Small, democratic bodies can be united federally in a larger system, and this
was the intention of the founders of our republic, but it no longer exists in a
meaningful way.
The Least of Evils
Calvin the Reformer and Leo the Pope both came to rather the same conclusion;
both recommended aristocracy tempered by democracy, or democracy tempered by
aristocracy. In other words, neither recommended a totally rational,
mathematically egalitarian system. This was the original American idea, properly
designated as "federal republicanism," with division of powers and two
kinds of representative chambers.
Ideally, those who govern should possess authority in the sense of Hannah
Arendt. Authority must be distinguished from power. Arendt defines it as the
ability to elicit voluntary obedience. Good presidents, good officers,
good coaches, good teachers have it. Those who do not have it must resort to
power, to force, in order to be obeyed.

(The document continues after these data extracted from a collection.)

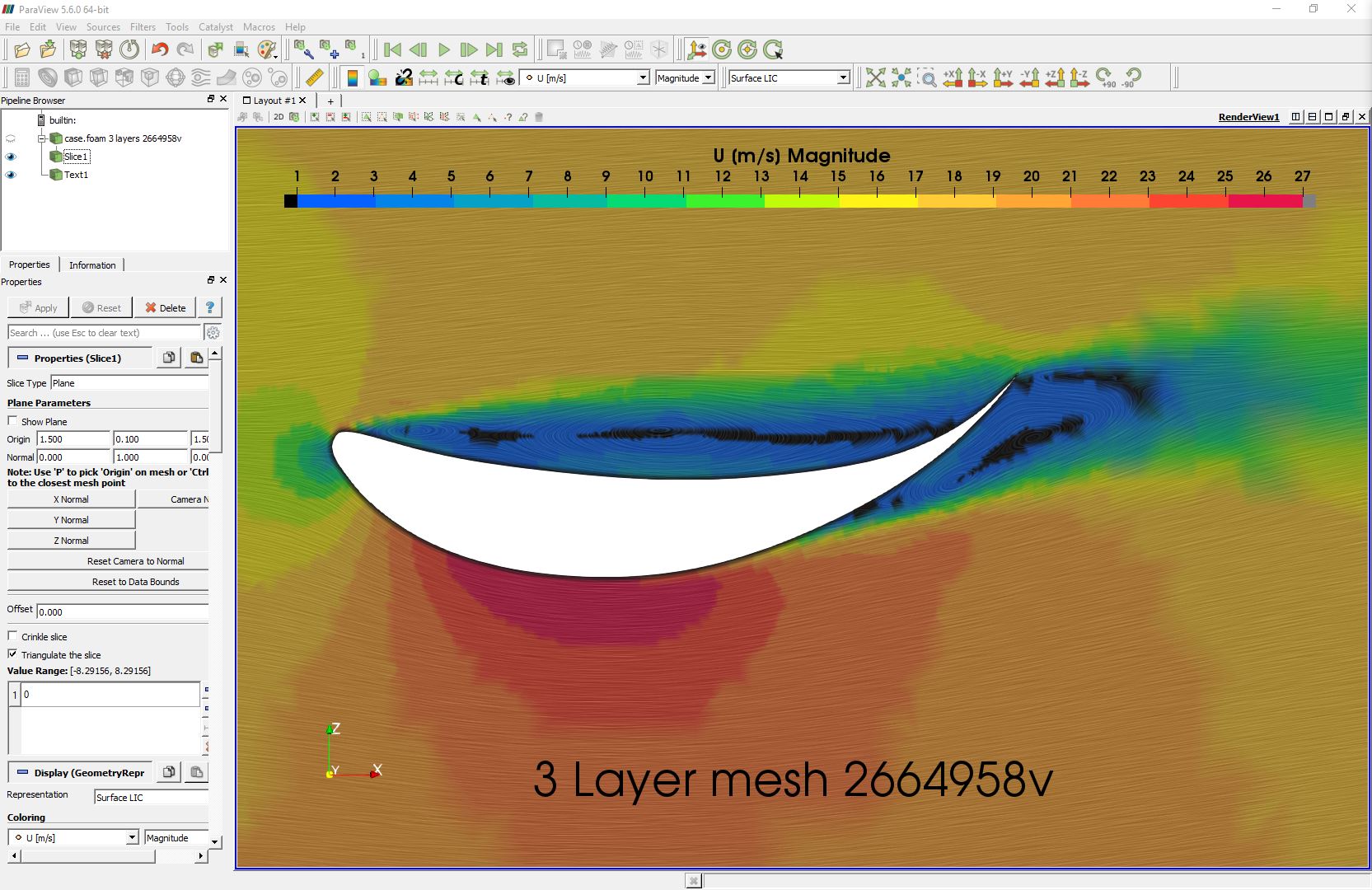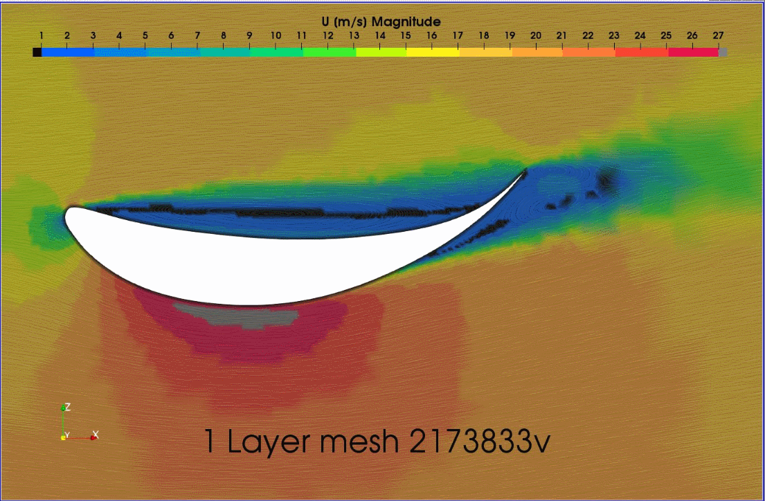 . This is really cool, you have to try it… Below are 2 images of the U magnitude ParaView plots of the results from each meshes sim run… Click on the bottom on and then use you Left and Right arrow keys to swicth between the two images… This is the only way to EASILY see the minor difference between these U magnitude plots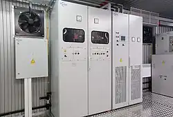 В состав выпрямительного агрегата входят две (номинальный ток 1600 А) или четыре (номинальный ток 3200 А) выпрямительные секции с системой управления, защиты и сигнализации.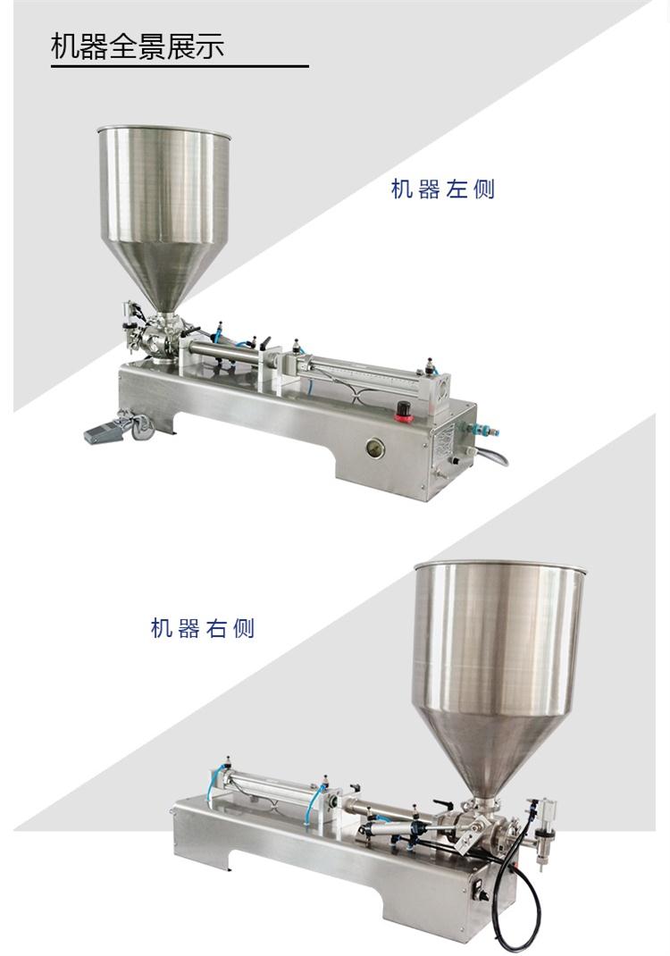 氣動膏體灌裝機(jī)主要適用于化工、食品、日化、藥品、農(nóng)藥、潤滑油等行業(yè)的液體膏體等物質(zhì)的定量灌裝,該灌裝機(jī)缸體、機(jī)殼、料斗均由不銹鋼材質(zhì)制成,活塞有四氟乙烯材料制成,氣動部分均采用氣動元件,符合GMP[要求,氣動膏體灌裝機(jī)的灌裝量和灌裝速度可任意調(diào)節(jié),擁有腳踏開關(guān)和自動灌裝功能,精度高,結(jié)構(gòu)簡潔,操作便利。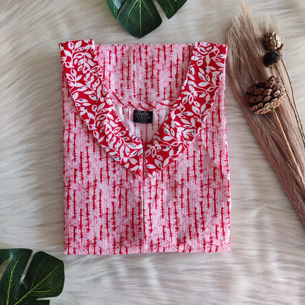 Red And White Printed Premium Cotton Peter Pan Collar Long Zip Feeding Nighty | Free Size | Chest Width 44″| Length 56″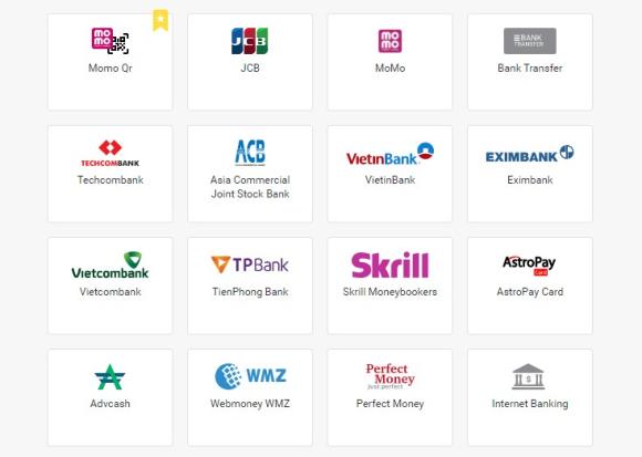 Khách hàng có thể sử dụng một số phương thức thanh toán để nạp và rút tiền tại Binomo, bao gồm thẻ ngân hàng, Webmoney và chuyển khoản ngân hàng. Khoản tiền nạp tối thiểu là 10$ nếu đó là tài khoản Standard.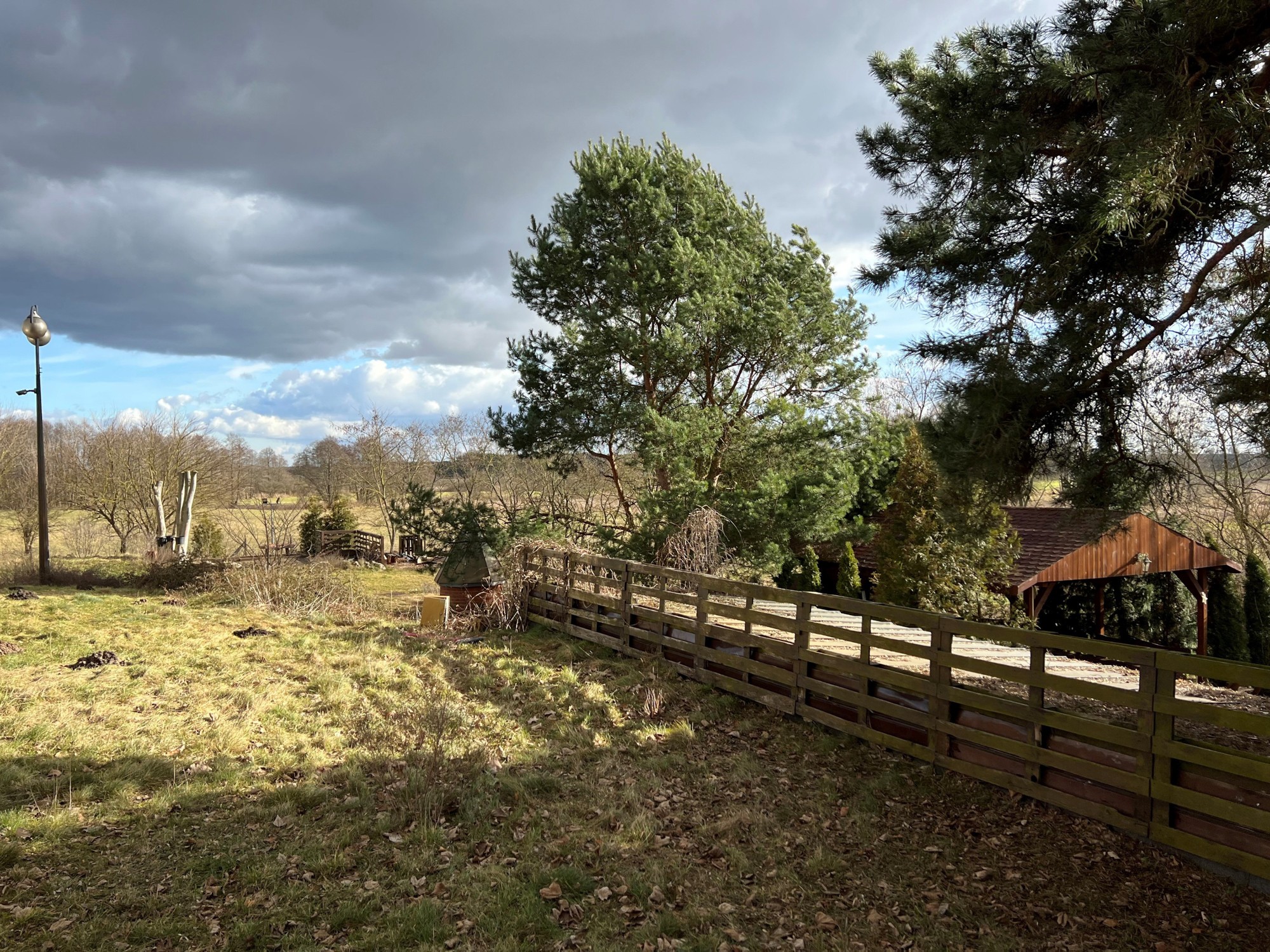 Within the enclosed grounds, there is a pavilion with a barbecue and smokehouse, a fire pit, and a separate outbuilding with a bedroom, bathroom, kitchen, and living area.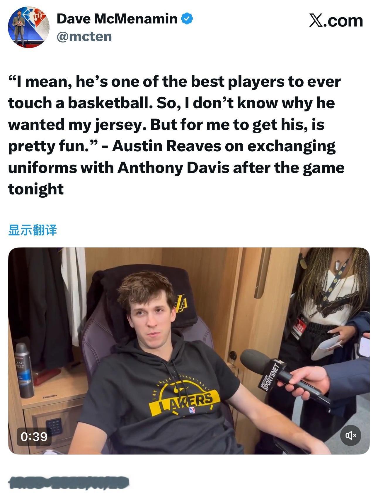 里夫斯说自己与浓眉交换了球衣:“我的意思是,AD是篮球史上最出色的球员之一。所以我不知道他为什么想要我的球衣,不过能得到他的球衣,感觉真的很棒。”

When government leaders forfeit respect,
they lose authority, and when authority is lost, power must use force to
preserve social peace. Power, contrasted with true authority, compels
obedience. Thus when a ruler or a government resorts to force to secure
obedience, this does not "restore authority." Instead, it proves that
authority is gone.
There is a loss of authority in the U.S.A. at virtually every level of social
behavior: parents, teachers, clergy, government officials, etc. As Arendt
predicted, this loss is accompanied by an increasing resort to government
restrictions, which then leads to government violence.
Religion and Freedom
Although religions and religious leaders have at times resorted to force to
secure their goals, ideally they should influence and rule by persuasion and
conviction. When all the people, or at least a very significant number of them,
share common ideals and values, often in terms of a shared religion, to a great
extent they will govern themselves. When they do not, governments must resort to
force. When people are capable of self-discipline, self-motivation, and
self-control, very little force is required to "promote domestic
tranquility."
Within Western Christendom, the fundamental basis of government has been
covenantal, based on the concept of covenants between God, the Creator and
Judge, and humans, his servants. Respect for covenantal arrangements obviates
the need for force. This is true both in the small society of the family, the
larger society of the sports team, and the great society of the State.
Traditionally, these covenants between individuals and smaller segments of
society have been seen as under the covenant between God and the human race.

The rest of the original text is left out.